Gerard Souzay |
Today is the birthday of the great composer César Franck and another great excuse to post Gerard Souzay, one of our favorite lieder singers of all-time.
César Franck (December 10, 1822 – November 8, 1890) was a composer, pianist, organist, and music teacher who worked in Paris during his adult life. He was born at Liège, in what is now Belgium (though at the time of his birth it was under the Dutch control).
Many of Franck's works employ "cyclic form", a method of achieving unity among several movements in which all of the principal themes of the work are generated from a germinal motif. The main melodic subjects, thus interrelated, are then recapitulated in the final movement. Franck's use of "cyclic form" is best illustrated by his Symphony in D minor (1888).
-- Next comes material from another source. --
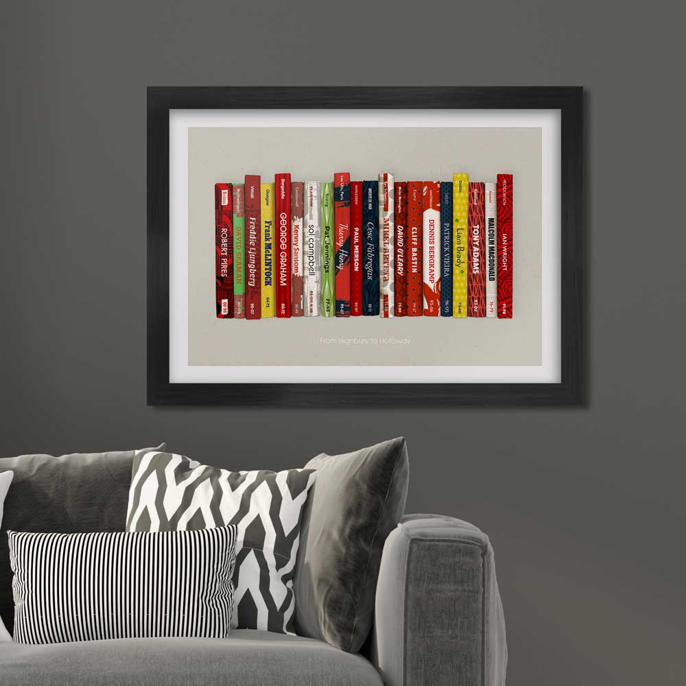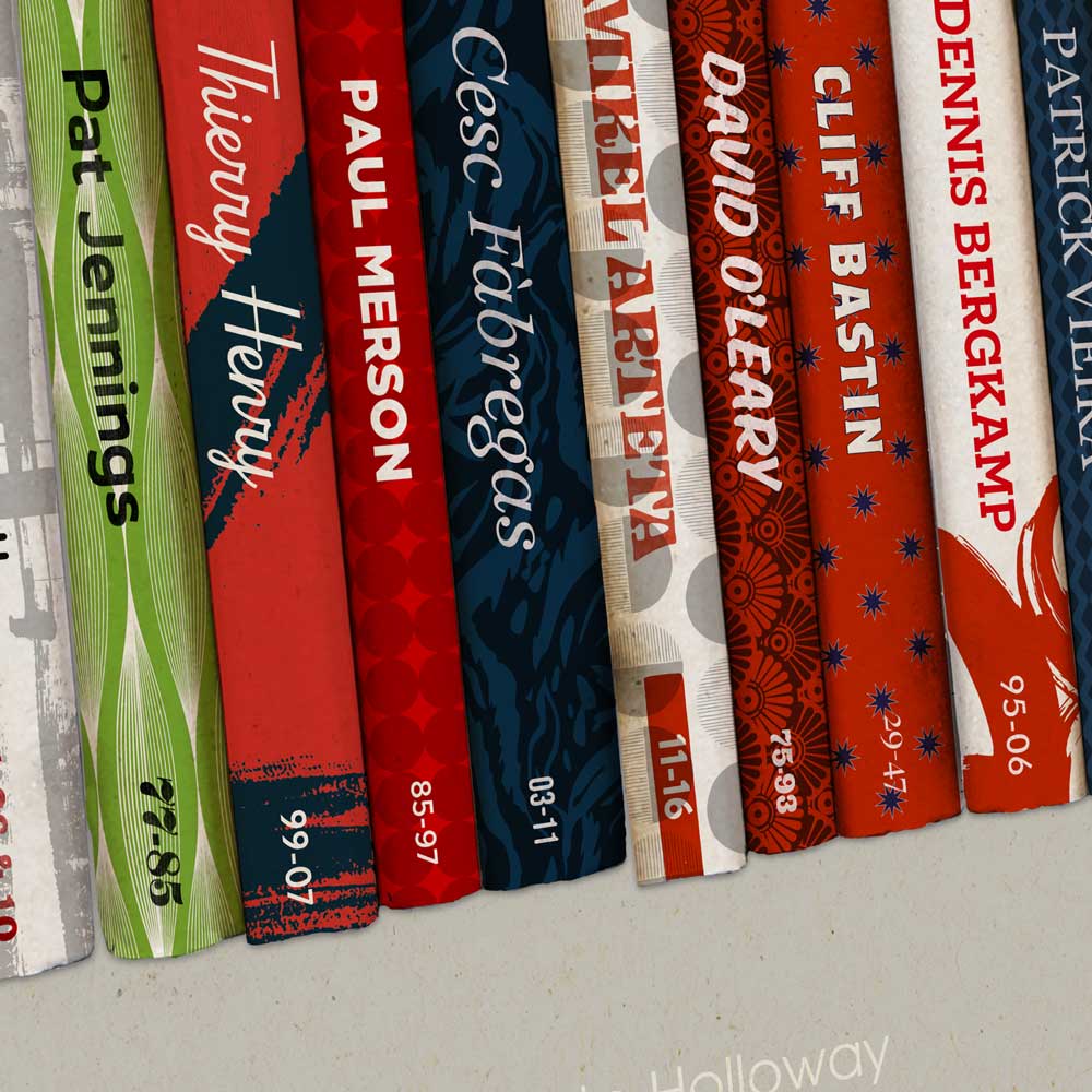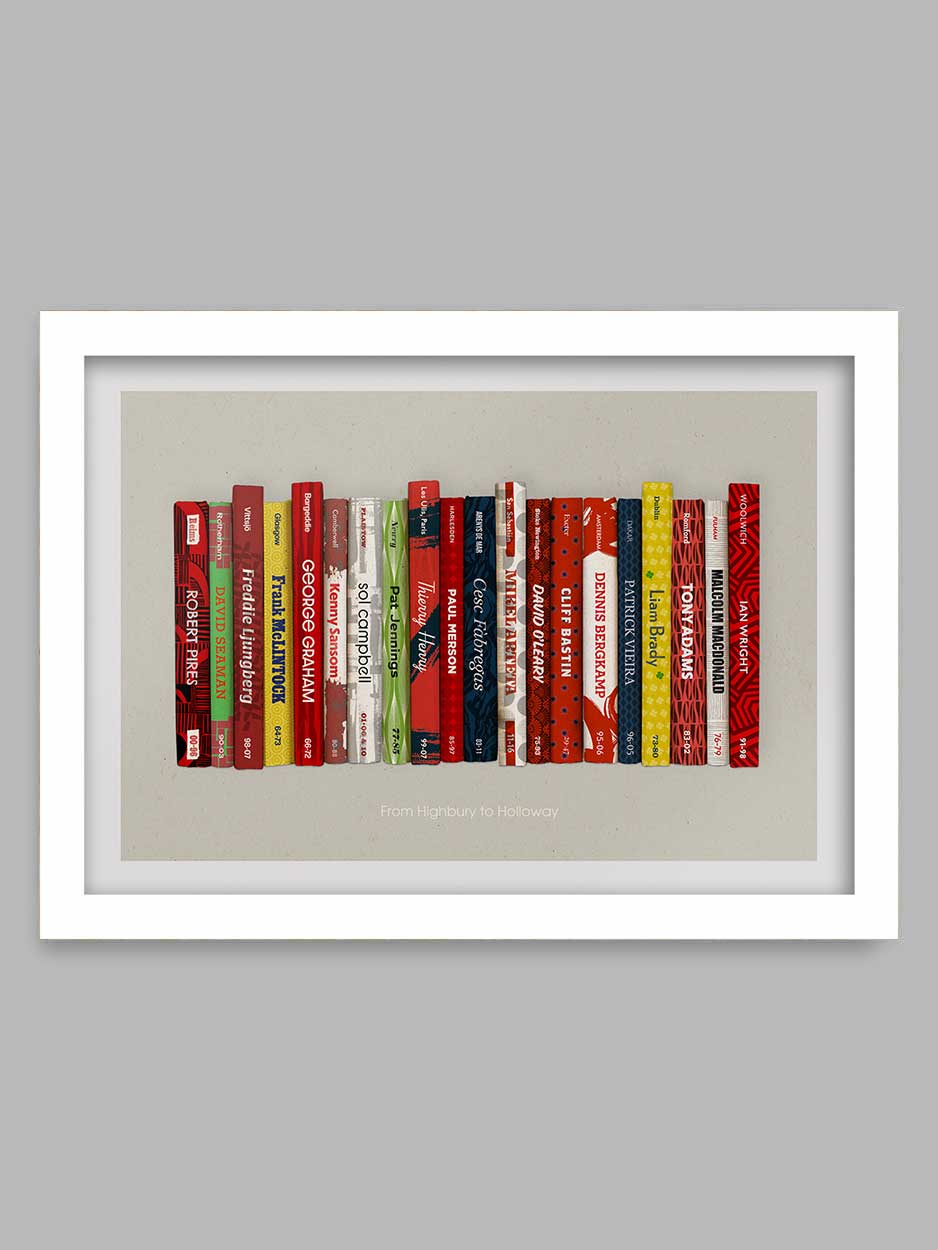 From Highbury to Holloway - Arsenal poster print celebrates some of the great names in the club's history. It features the years they played for the club. Styled on the classic mid-century penguin book designs.

Gerard Souzay sings Nocturne:
His music is often contrapuntally complex, using a harmonic language that is prototypically late Romantic, showing a great deal of influence from Franz Liszt and Richard Wagner. In his compositions, Franck showed a talent and a penchant for frequent, graceful modulations of key. Often these modulatory sequences, achieved through a pivot chord or through inflection of a melodic phrase, arrive at harmonically remote keys. Indeed, Franck's students report that his most frequent admonition was to always "modulate, modulate." Franck's modulatory style and his idiomatic method of inflecting melodic phrases are among his most recognizable traits.
King's College Choir sings Panis Angelicus:
Unusually for a composer of such importance and reputation, Franck's fame rests largely on a small number of compositions written in his later years, particularly his Symphony in D minor (1886–88), the Symphonic Variations for piano and orchestra (1885), the Prelude, Chorale and Fugue for piano solo (1884), the Sonata for Violin and Piano in A major (1886), the Piano Quintet in F minor (1879), and the symphonic poem Le Chasseur maudit (1883). The Symphony was especially admired and influential among the younger generation of French composers and was highly responsible for reinvigorating the French symphonic tradition after years of decline. One of his best known shorter works is the motet setting Panis Angelicus, which was originally written for tenor solo with organ and string accompaniment, but is also arranged for other voices and instrumental combinations.